Originally from southern Spain, Amanda moved to Alaska in 2014 where she taught Spanish and Social Studies at Mirror Lake Middle School (Spanish Immersion) and then at Teeland Middle School. In 2022, Amanda made the move to high school and is currently a Spanish Teacher at Wasilla High School. She holds a bachelor’s and a master’s degree in English (as a second language), as well as a Master’s degree in Advertising and Public Relations (Communication) from the Universidad de Cádiz, Spain. Previously, Amanda has taught English as a second language in Spain to elementary, secondary, and college level students at a private language academy. Amanda enjoys international travel with her husband and their four daughters.
Rebeca Maseda Garcia
Rebeca Maseda García is Professor of Spanish, and Spanish Coordinator, in the Department of Languages at the University of Alaska Anchorage where she teaches language and culture classes focused on topics related to gender violence and cinema in Spain, historical memory and the Spanish Civil War, and contemporary Latin American and Iberian cinemas. She has an extensive record of publications (as well as grants, conference presentations, guest lectures, etc.) on film, media and gender. Her last publications include two co-edited volumes with prestigious publishing companies: Gender and Violence in Spanish Culture. From Vulnerability to Accountability (Peter Lang, 2018) and Gender-Based Violence in Latin American and Iberian Cinemas (Routledge, 2020). She has been an associate investigator on two R+D projects: ‘The re-signification of women as victims in popular culture: implications towards representational innovation in the construction of vulnerability and resistance’ and ‘Mediatization of Women’s Rage: Intelligibility Frameworks and Strategies of Politicizing Transformation.’ Dr. Maseda is also the co-author of ‘Finding Your “Spanish” Voice Through Popular Media: Improving Students Confidence and Fluency,’ published in the International Journal for the Scholarship of Teaching and Learning. Volume 14.3 (2014).

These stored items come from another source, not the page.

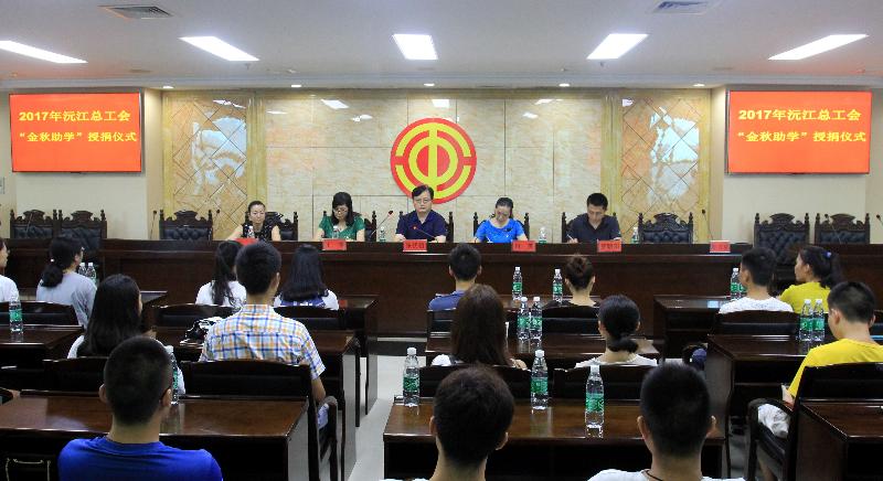 8月23日上午,沅江市总工会举行2017年“金秋助学”受助仪式。沅江市总工会“金秋助学”活动连续开展了13年,全市各级工会共筹资280余万元,资助829名困难职工家庭子女圆大学梦,已成为工会组织扶贫帮困、服务民生的爱心品牌,社会各界奉献爱心、传播爱心的良好平台。
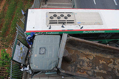 Truck came to halt at school fence (Photo: Yaron Brener)
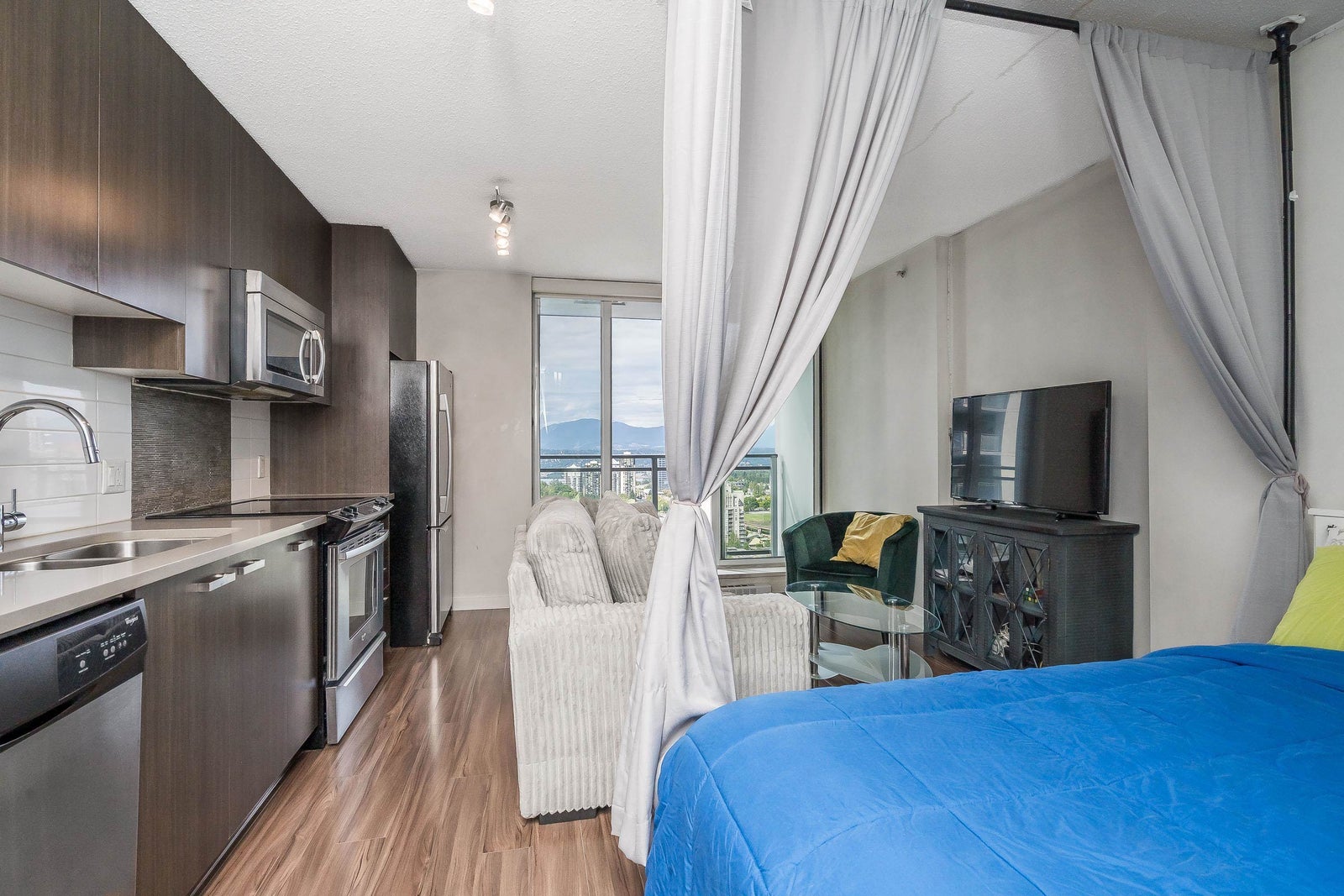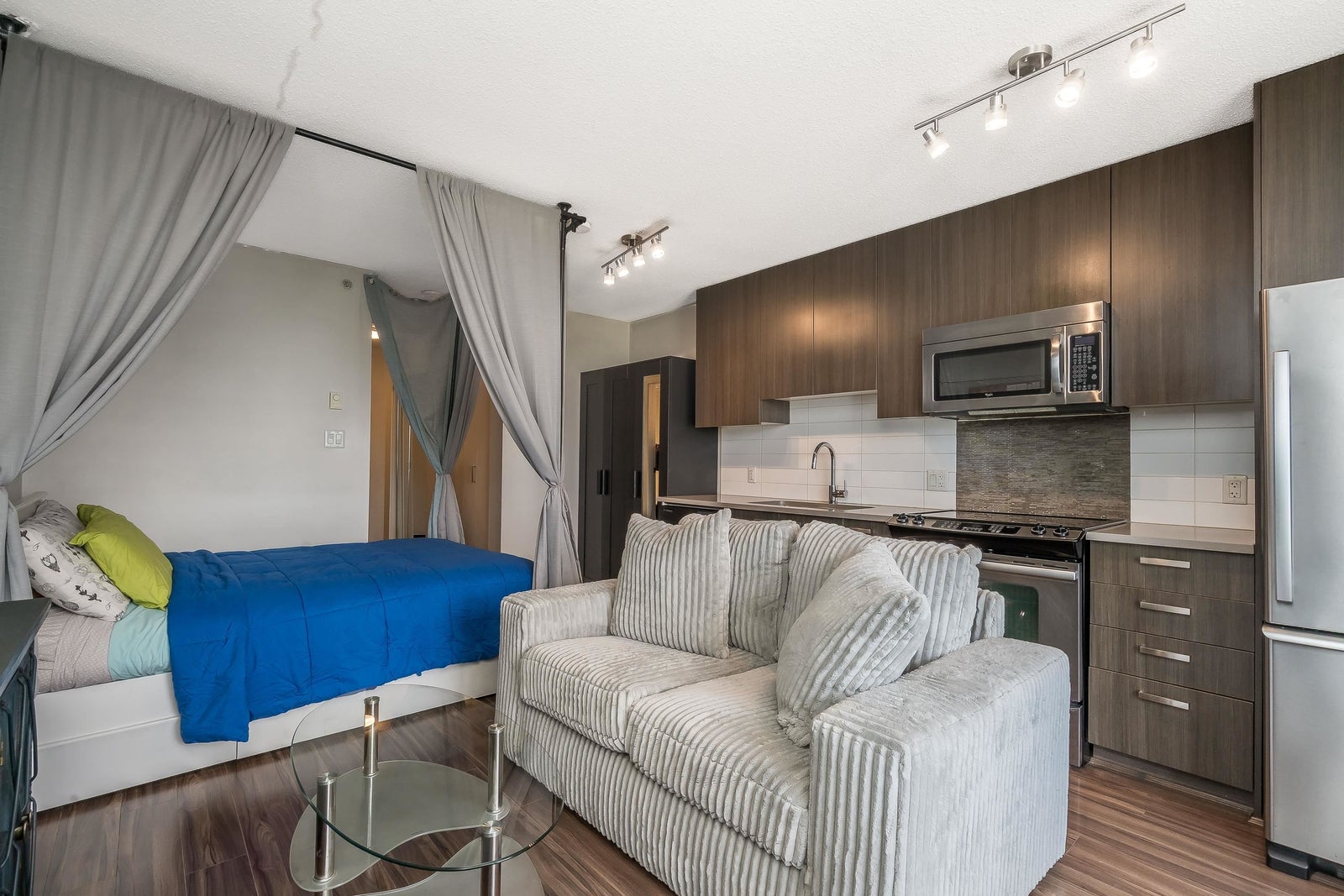 Welcome to Ultra in Surrey City Centre! This modern studio is the perfect turn-key investment or starter home. Featuring a sleek open-concept design with floor to ceiling windows, laminate flooring, and a well-appointed kitchen with quartz counters and stainless-steel appliances. Enjoy sweeping city and mountain views from your private balcony. Ultra offers fantastic amenities including a gym, social lounge, and meeting room. Located just steps to Surrey Central SkyTrain, SFU, KPU, shopping, dining, and the new UBC campus. Rentals allowed and one parking included, ideal for investors or first-time buyers looking for unbeatable value in the heart of Surrey.

Aline Hopkins has been teaching world languages for over 20 years. She holds two master's degrees in Francophone and Brazilian Literatures, from Universidade Federal Fluminense (Rio de Janeiro) and Arts of Teaching , from UAA.
She started her career teaching French at Michelin, Alliance Française, French immersion school in Rio de Janeiro. She also had the opportunity to live in France and teach Portuguese. Once she came to Alaska, she has been teaching French at UAA and Dimond High school for the last 19 years.
Aline is passionate about her family, travelling and discovering new cultures.